INS-1 cells were transfected with Elk-1 transactivator plasmid as
described in Materials and Methods. INS-1 cells were
stimulated for 16 h with different concentrations of GIP and
glucose. Elk-1 phosphorylation was determined by the luciferase
activity of a cotransfected reporter plasmid. The luciferase activity
of INS-1 cells stimulated with 2.5 mM glucose without GIP
was set at 1. Each bar represents the mean ±
SD of four to five independent experiments. Statistical
analysis was performed by ANOVA. *, P < 0.05; **,
P < 0.005. B, Time course of ERK phosphorylation
by GIP. INS-1 cells were starved overnight and stimulated with
10-7 M GIP at indicated time points. Cells
were lysed and 100 µg of proteins were separated by SDS-PAGE and
immunoblotted by Western analysis. The degree of ERK phosphorylation
was determined using activation-specific antibody for pTyr
(204) of ERK-1 and ERK-2. Proteins were detected using
enhanced chemiluminescence, and band densities were quantified by
densiometry. Data represent a typical blot of n = 3. They are
expressed as relative to control, assigning a value of 1 to
nonstimulated cells. C, Dose-response of ERK phosphorylation by GIP.
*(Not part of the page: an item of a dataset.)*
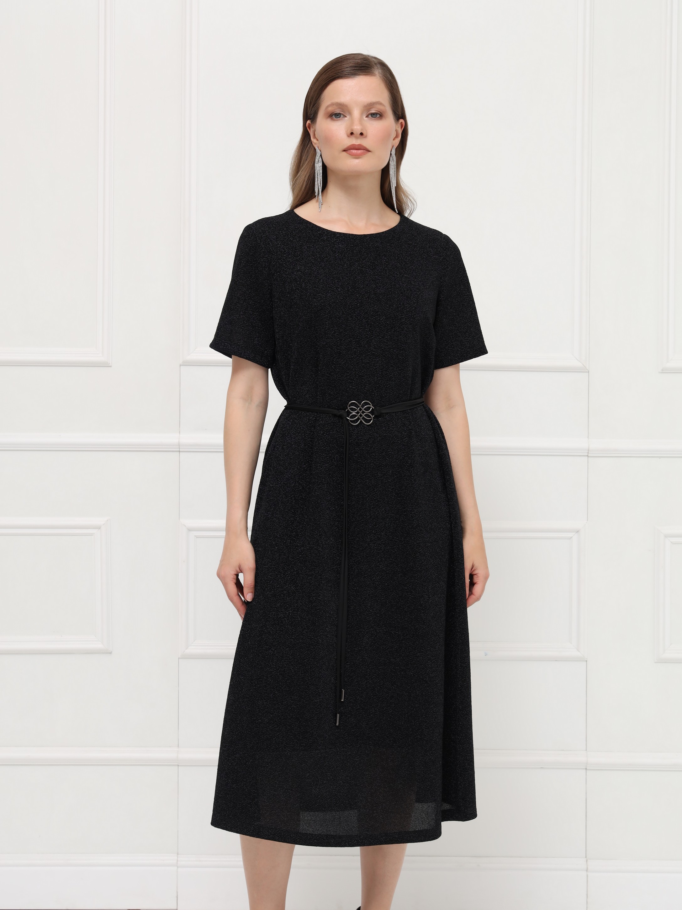 Изысканное черное платье миди, из тонкого трикотажа с деликатным мерцанием, создаёт лёгкий, женственный образ. Лаконичная горловина и короткие рукава подчёркивают линию плеч, а тонкий пояс-тесьма с элегантной пряжкой красиво акцентирует талию. Платье выполнено на подкладке для безупречной посадки, а лёгкая ткань струится вниз, придавая силуэту особую воздушность.

Experiment was performed as in panel B except that cells were
stimulated with indicated concentrations of GIP for 60 min. D, Glucose
dependency of ERK phosphorylation by GIP. INS-1 cells were stimulated
with 10-7 M GIP at 2.5 mM, 7.5
mM, and 15 mM glucose for 60 min. ERK
phosphorylation of INS-1 cells stimulated with 2.5 mM
glucose only was set at 1.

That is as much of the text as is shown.